1University of Modena and Reggio Emilia, Unit of Endocrinology, Department of Biomedical, Metabolic and Neural Sciences, Modena, Italy; 2Azienda Ospedaliero-Universitaria of Modena, Unit of Endocrinology, Department of Medical Specialties, Modena, Italy; 3University of Modena and Reggio Emilia, Center for Genomic Research, Modena, Italy; 4Azienda USL Modena, Department of Laboratory Medicine and Anatomy Pathology, Modena, Italy


Introduction: Despite normal thyroid-stimulating hormone serum levels, up to 60% of hypothyroid patients are dissatisfied with the treatment. Animal studies suggest that the persistence of symptoms may derive from peripheral hypothyroidism. Combination treatment with levothyroxine and liothyronine is a theoretically plausible solution but its efficacy is still questionable.

Aim: To evaluate the effects of personalized twice-daily combination therapy on peripheral tissues and quality of life in thyroidectomized patients, considering also the influence of genetic variants of DIO2 and MCT10.

Methods: Double-blind, randomized, placebo-controlled study in which 141 thyroidectomized subjects, with serum thyroglobulin<0.2 ng/ml and negative anti-thyroglobulin antibodies, with TSH within the normal range, were randomized to study (levothyroxine+liothyronine in the morning and liothyronine in the evening; n=70) or placebo group (levothyroxine + placebo in the morning and placebo in the evening; n=71). Pituitary-thyroid axis compensation was assessed after 6, 12 and 24 weeks. Clinical parameters, quality of life (evaluated with ThyPro-39 questionnaire), tissue markers (sex hormone binding globulin, serum lipids, bone metabolism markers) were evaluated at 12 and 24 weeks. DIO2 and MCT10 single nucleotide polymorphisms were genotyped.
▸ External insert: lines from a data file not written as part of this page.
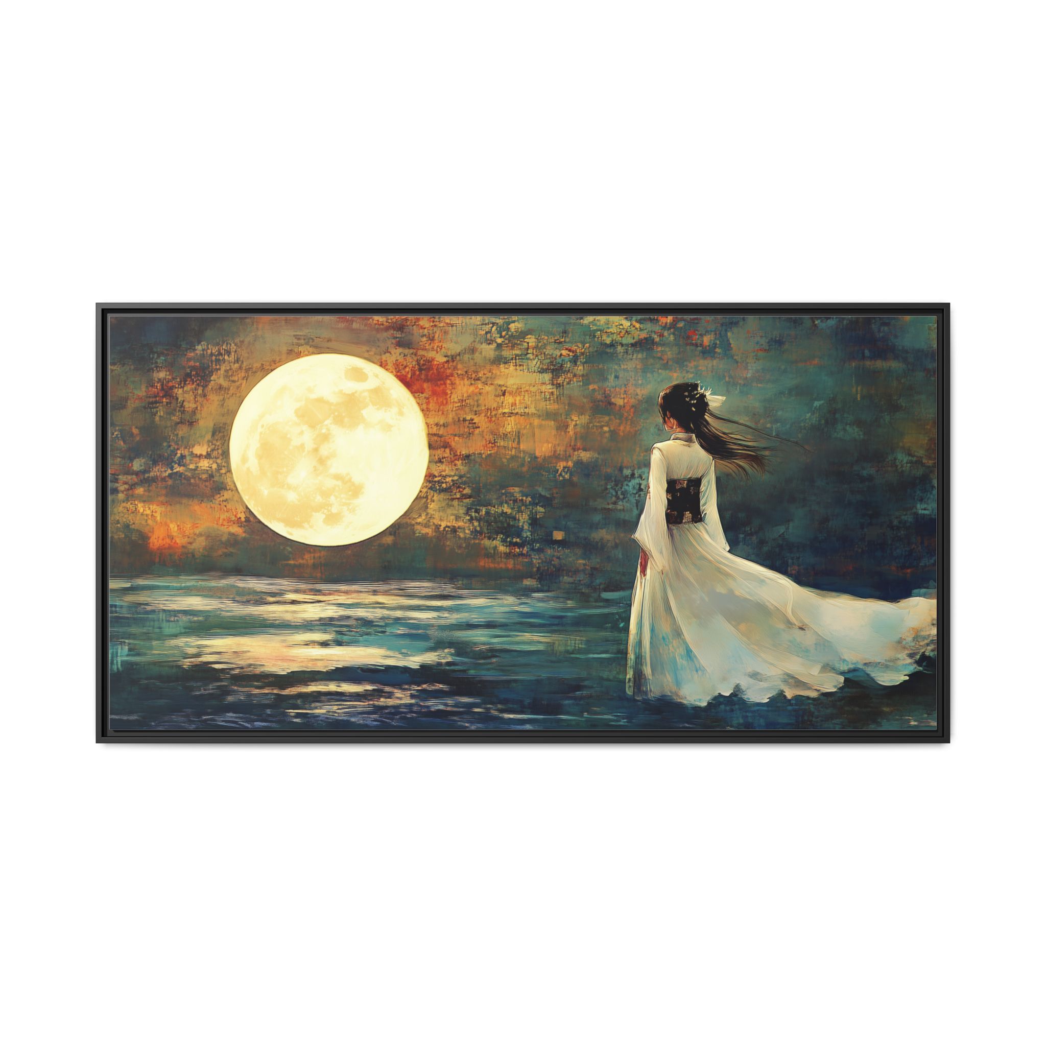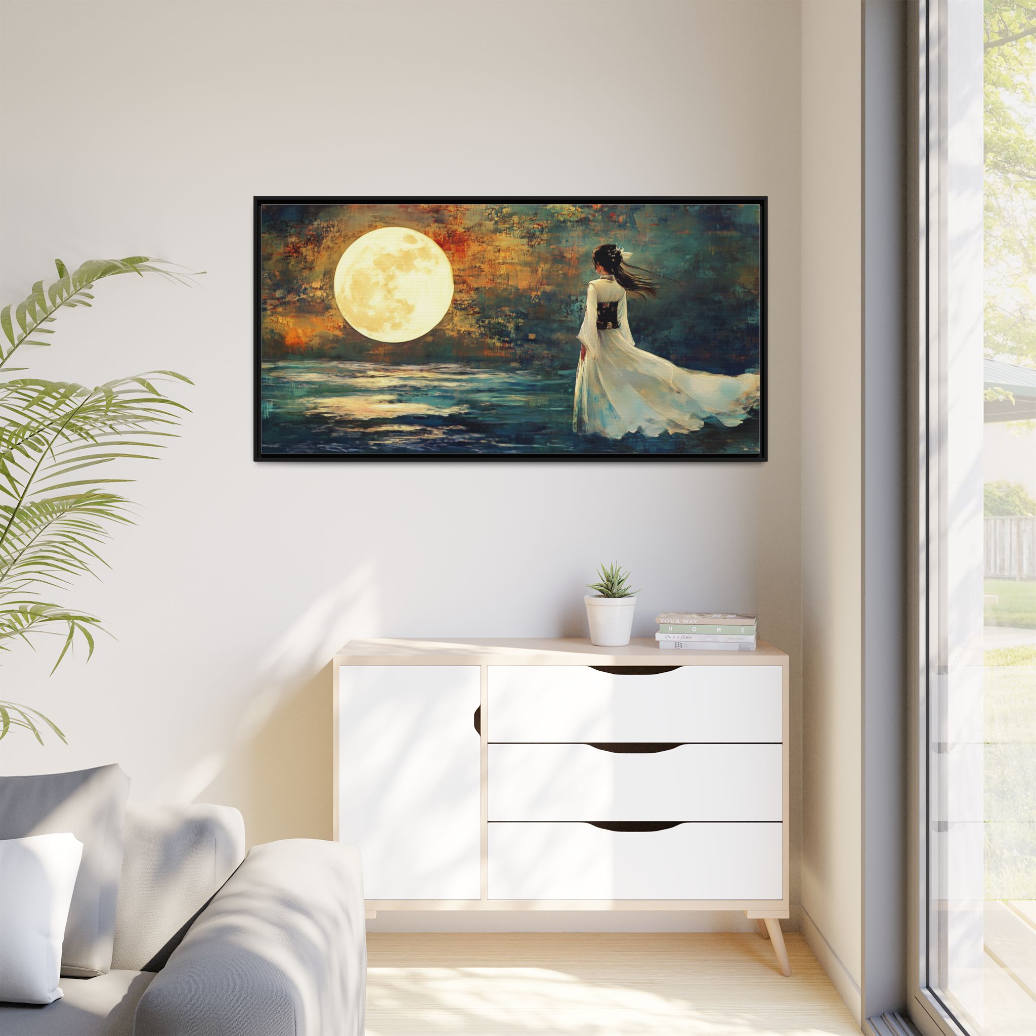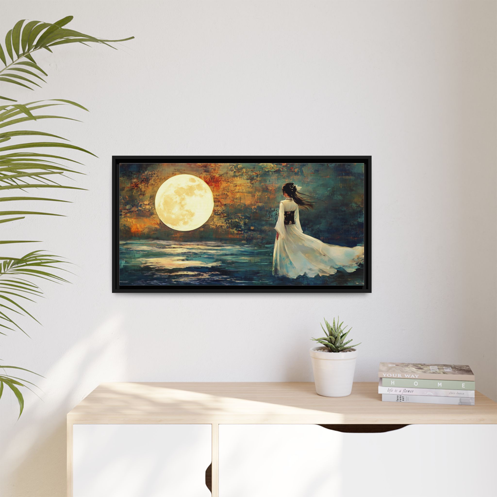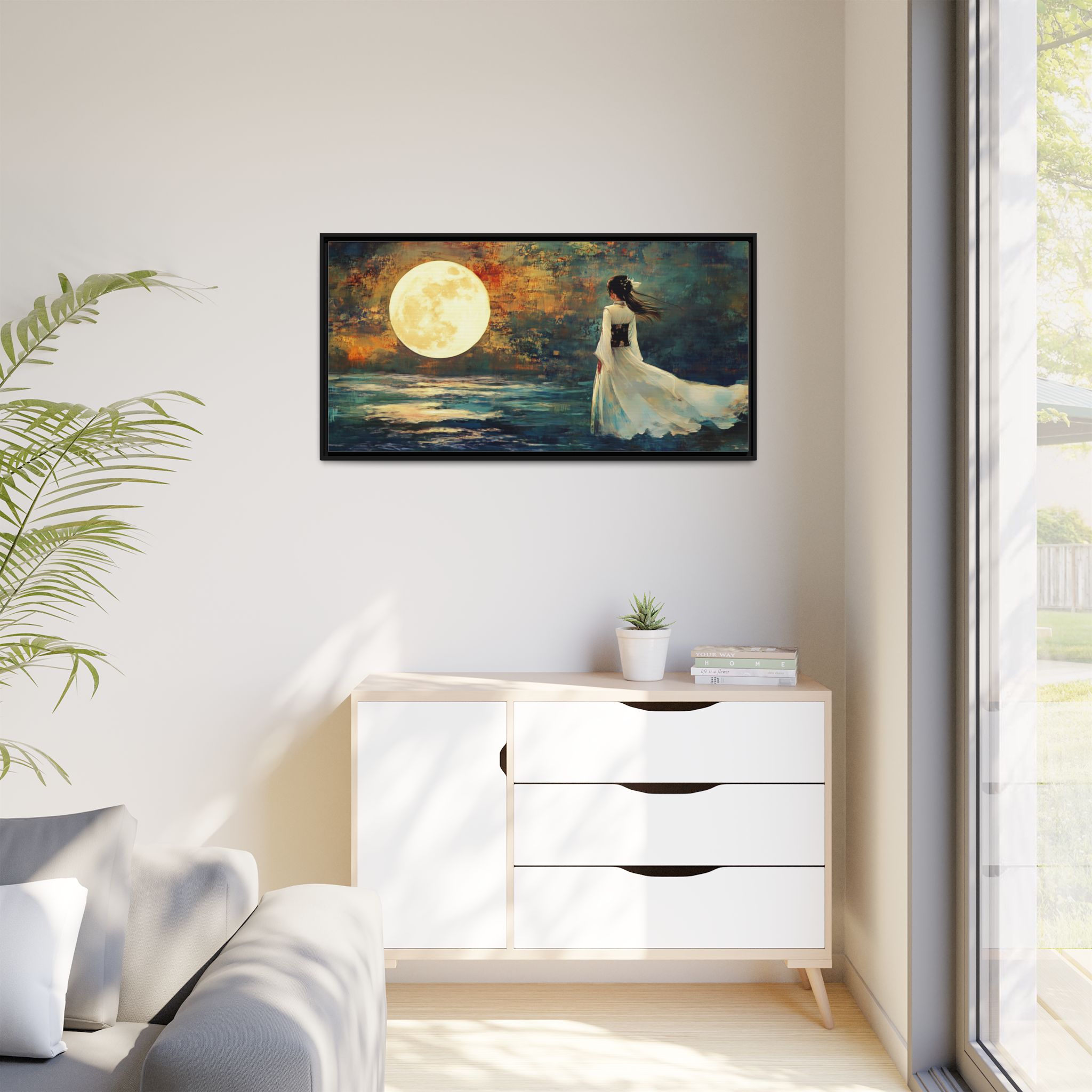 A stunning canvas print featuring a woman gazing at the moon, creating a mystical and dreamy atmosphere. Perfect for those who love celestial themes, astrology, and nature-inspired decor. Ideal for adding a touch of magic to any living space. Great for gifting on birthdays, anniversaries, or as a housewarming present.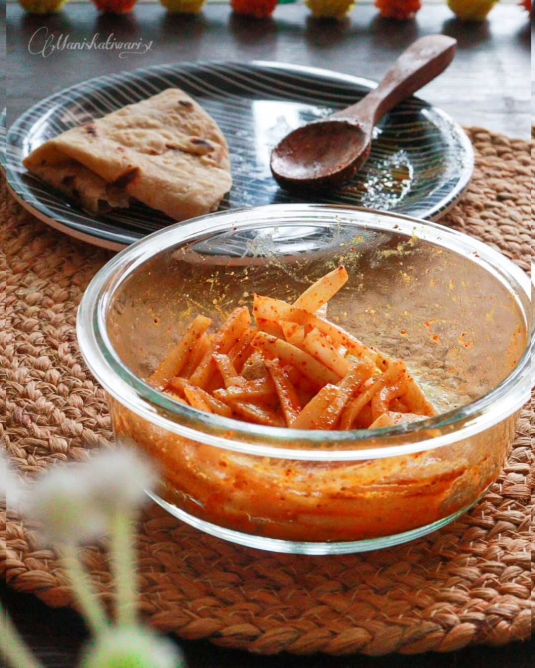Mooli ka Instant Achar (recipe reel at my page 🎥 ) is a quick radish pickle made with simple spices and mustard oil. It is a tangy and mildly spicy accompaniment that pairs well with Indian meals like parathas, khichdi, or dal-rice. This instant version doesn’t require fermentation or long waiting periods, making it convenient for quick preparation. Season for Making Mooli ka Achar Winter Season: Mooli (radish) is best made into achar during winter as radishes are at their peak in flavor, freshness, and availability during this season. Winter radishes are crisp, juicy, and less pungent, making them perfect for pickling #mooliKaAchar #RadishPickle #IndianPickle #WinterSpecial #HomemadeAchar #PickleLovers #IndianFood #AcharRecipe #SpicyPickle #TraditionalTaste #FoodieLife #DesiFlavors #QuickPickle #FoodPhotography carasouel #carasoul #carousel #carousels #curlyhairgirl #raw_all_india #raw_collages #akhanna #capturedoncanon #shotononeplus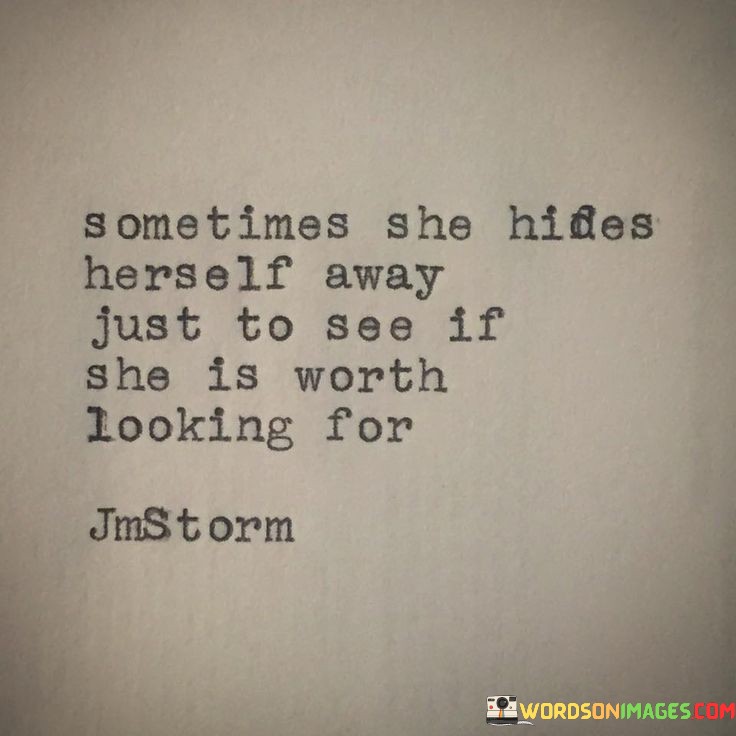 This evocative quote delves into the complex emotions of a person who chooses to retreat or distance themselves from others, not out of a desire to isolate, but rather as a means of self-discovery and validation. The phrase "sometimes she hides herself away" suggests that the individual withdraws from the spotlight or the constant presence of others, seeking solitude and introspection. This act of seclusion is a way for her to introspect, evaluate her self-worth, and understand her significance to those around her. By stepping back and removing herself from the immediate attention of others, she tests whether she is truly valued and cherished. This self-imposed separation becomes a measure of her worthiness, revealing who genuinely cares enough to seek her out. It also reflects her longing to be appreciated for her authentic self, independent of external validation or attention.In essence, this quote captures the complexity of human emotions and the desire for genuine connection. It portrays a poignant journey of self-discovery, where the individual seeks to understand her value and significance in the lives of others. The act of hiding away is not an act of rejection but a means of introspection and a test of the authenticity of relationships. It becomes a subtle call for those who truly care to step forward, showing that they appreciate and cherish her for who she is. This quote serves as a reminder of the importance of genuine connections and the longing for meaningful relationships, where individuals are valued for their true selves. It highlights the significance of taking the time to understand one's worth and the role that others play in our lives, ultimately revealing the depth of emotional connections and the authenticity of the bonds that tie us together.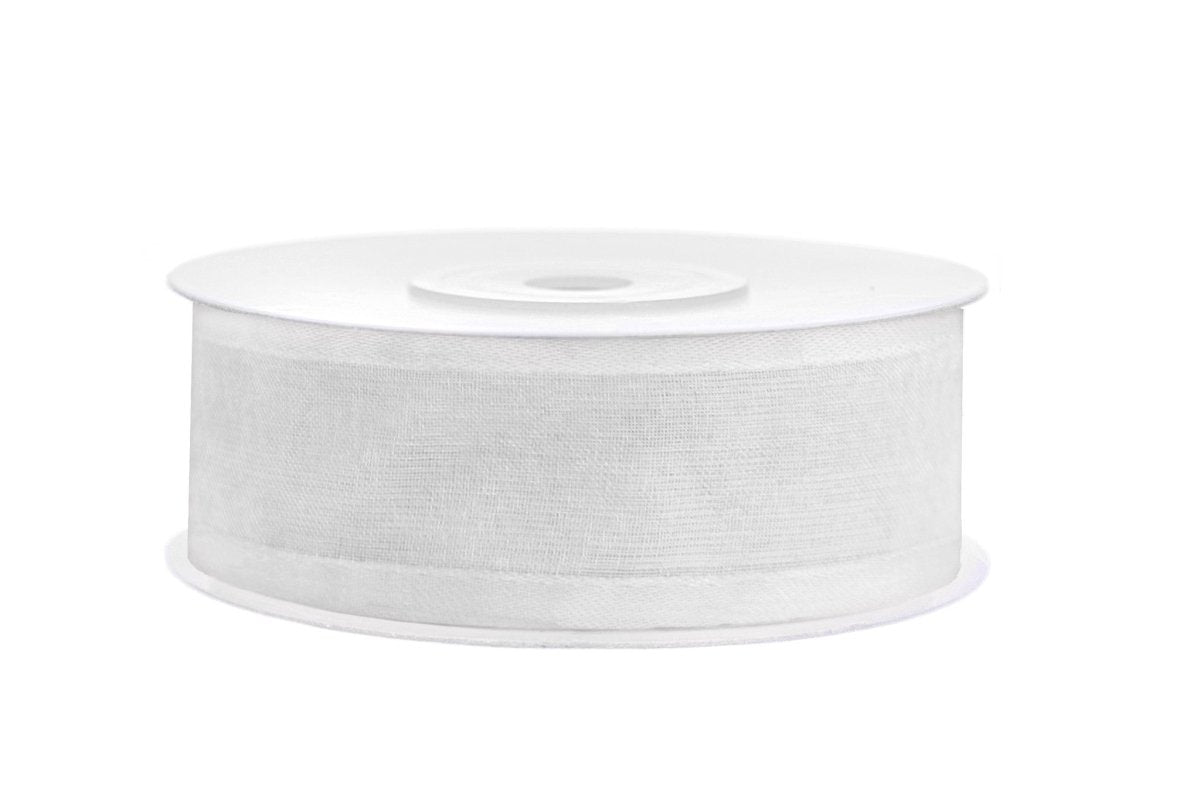 Inhoud: Chiffonlint met satijn randen, wit, breedte 25 mm, lengte 25 m. (1 st. / 25 lm)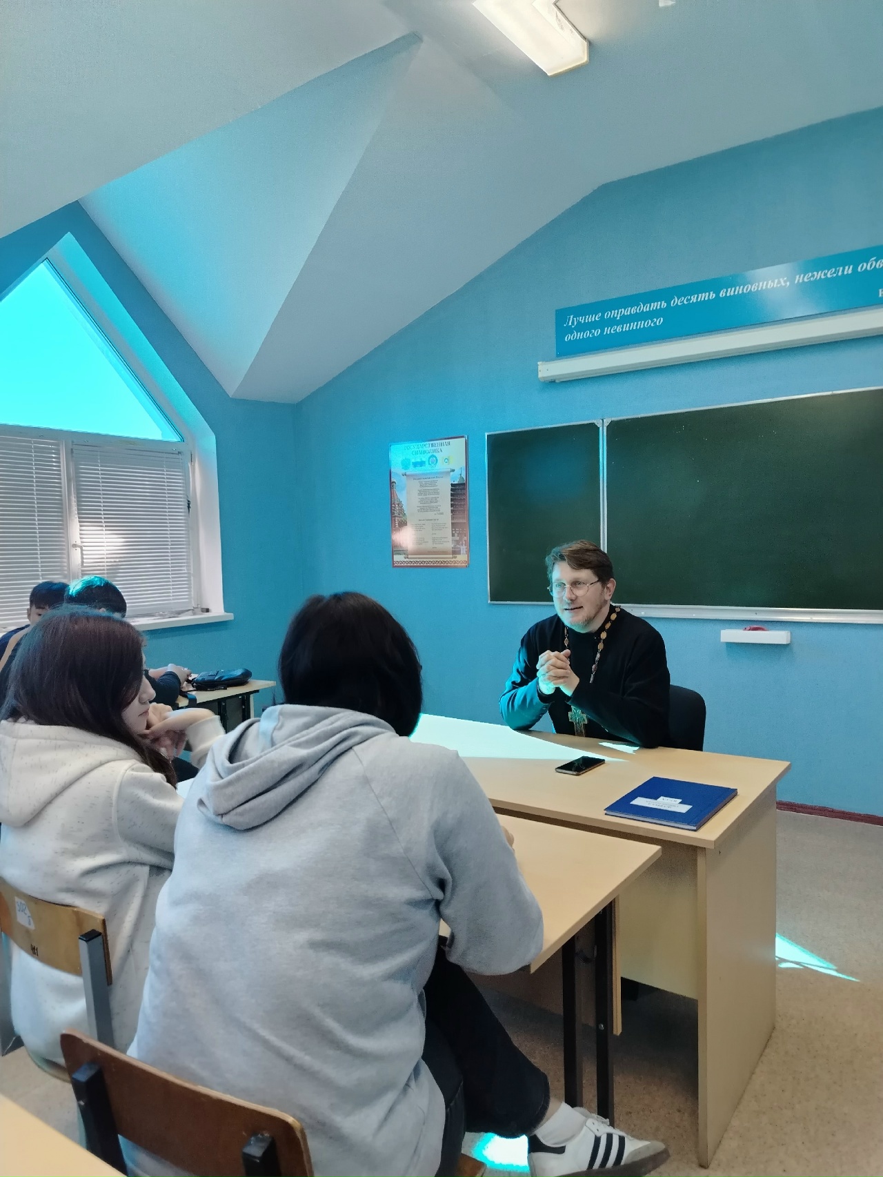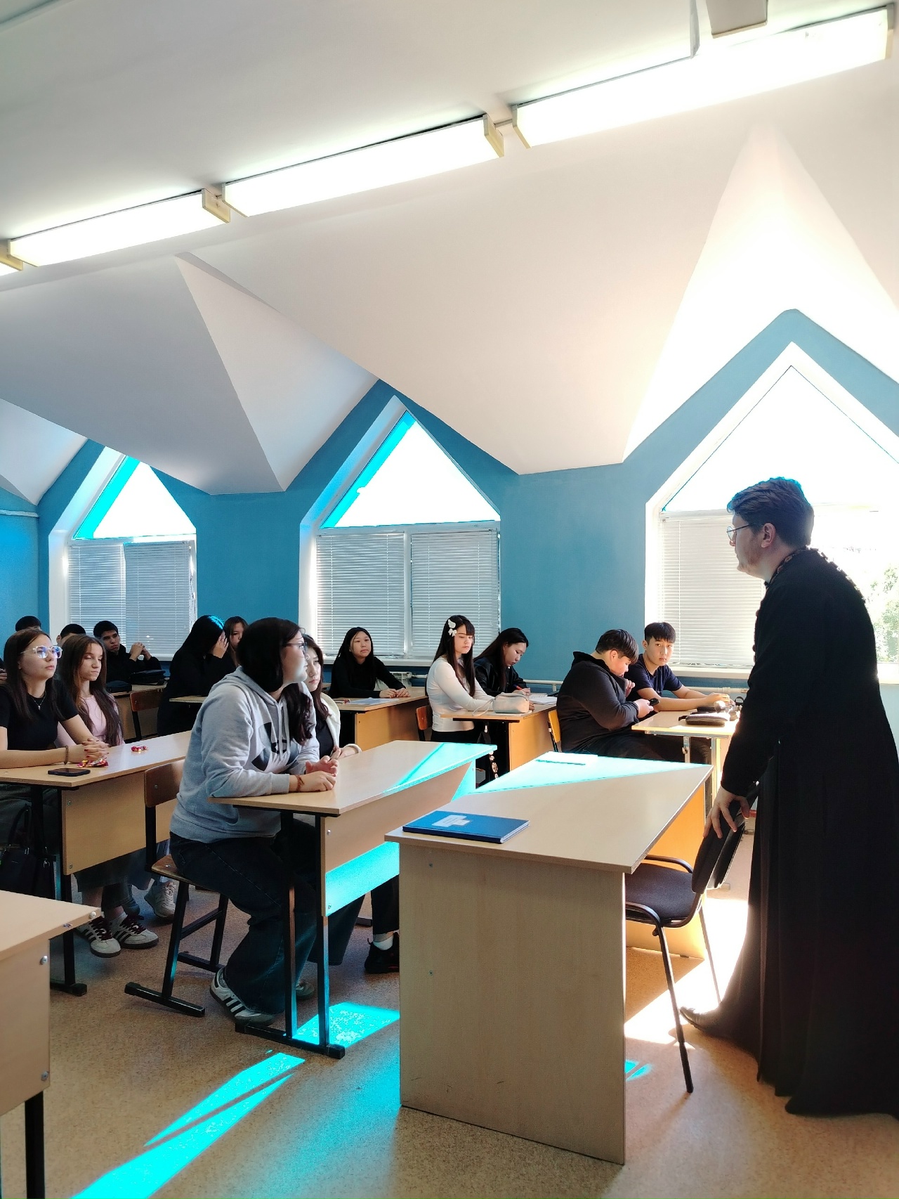 27 октября 2025 года в рамках федерального проекта «Разговоры о важном» в группах Ю-1А и Ю-1Б специальности «Юриспруденция» (кл. рук. Басанова Д.В., Будыльская Н.В.) проведена беседа «Поговорим об уважении» с приглашением протоиерея Элистинской и Калмыцкой епархии Антония Зимовца. Отец Антоний в доступной форме рассказал об одной из ключевых человеческих ценностей — уважении. В ходе беседы студенты узнали, что уважение — это умение видеть ценность другого человека, его труд и опыт, что оно проявляется в словах, поступках и в готовности слушать и понимать. Особое внимание отец Антоний уделил человеческим взаимоотношениям, подчеркнув их важность как основы нравственности и духовного здоровья общества.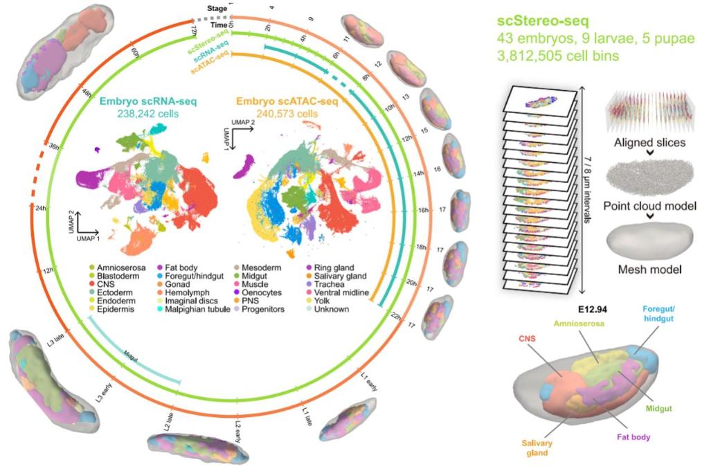 杭州華大生命科學研究院與南方科技大學創(chuàng)建了一個解碼動物發(fā)育過程的多模態(tài)數(shù)據(jù)集,生成了果蠅全發(fā)育周期的3D單細胞時空多組學圖譜,為生物發(fā)育提供了分子層面的參考,有望為發(fā)育缺陷及相關(guān)疾病機制研究奠定基礎(chǔ)。相關(guān)成果26日發(fā)表于國際學術(shù)期刊《細胞》。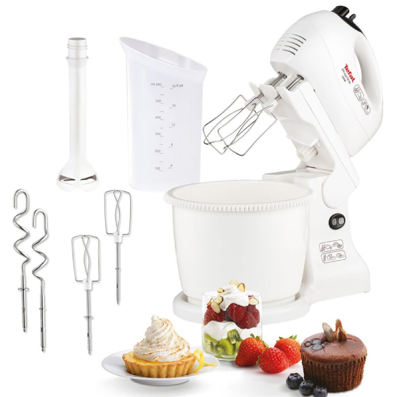 Kitchen mixer HT41313E with 2. 5-liter bowl, quiet and powerful motor with 450W power, 5 stages of operation and turbo function is an impressive device of TEFAL.HT41313E is a reliable helper in baking cakes, and not only, ie. by professionals and consumers, it is defined as a powerful and reliable choice for every housewife. The mixer is extremely light and has an enviably quiet motor. For your convenience, you can knead without hands. This is possible thanks to the automatically rotating bowl with stand and capacity of 2.5 liters.
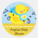 Personalised Sticker for a baby boy or baby girl shower. Cute ducky on a blue and yellow background with the name of mum to be. Use stickers to make colourful baby shower favours. Put them on canisters, boxes, bottles, and votive candle holders to make cool baby shower favours. The can be used on the invitation envelopes and on gift packages to spice them up.

Results: At baseline, both groups had free triiodothyronine/thyroxine (fT3/fT4) ratio below the physiologic range, which normalized after 6 months only in the study group (0.32 ± 0.08 vs 0.26 ± 0.05, P<0.001). Combination treatment required greater dose adjustments (25% vs 54%, P<0.001), due to TSH reduction below the reference range, with no signs or symptoms of hyperthyroidism. After 6 months, the study group had improved emotionality, anxiety, depression, and overall impact of the disease on quality of life (P<0.05). However, no preference for combination therapy was recorded. Tissue markers of peripheral thyroid function and BMI did not change in either group. Genetic variants did not influence any of the analyzed outcomes.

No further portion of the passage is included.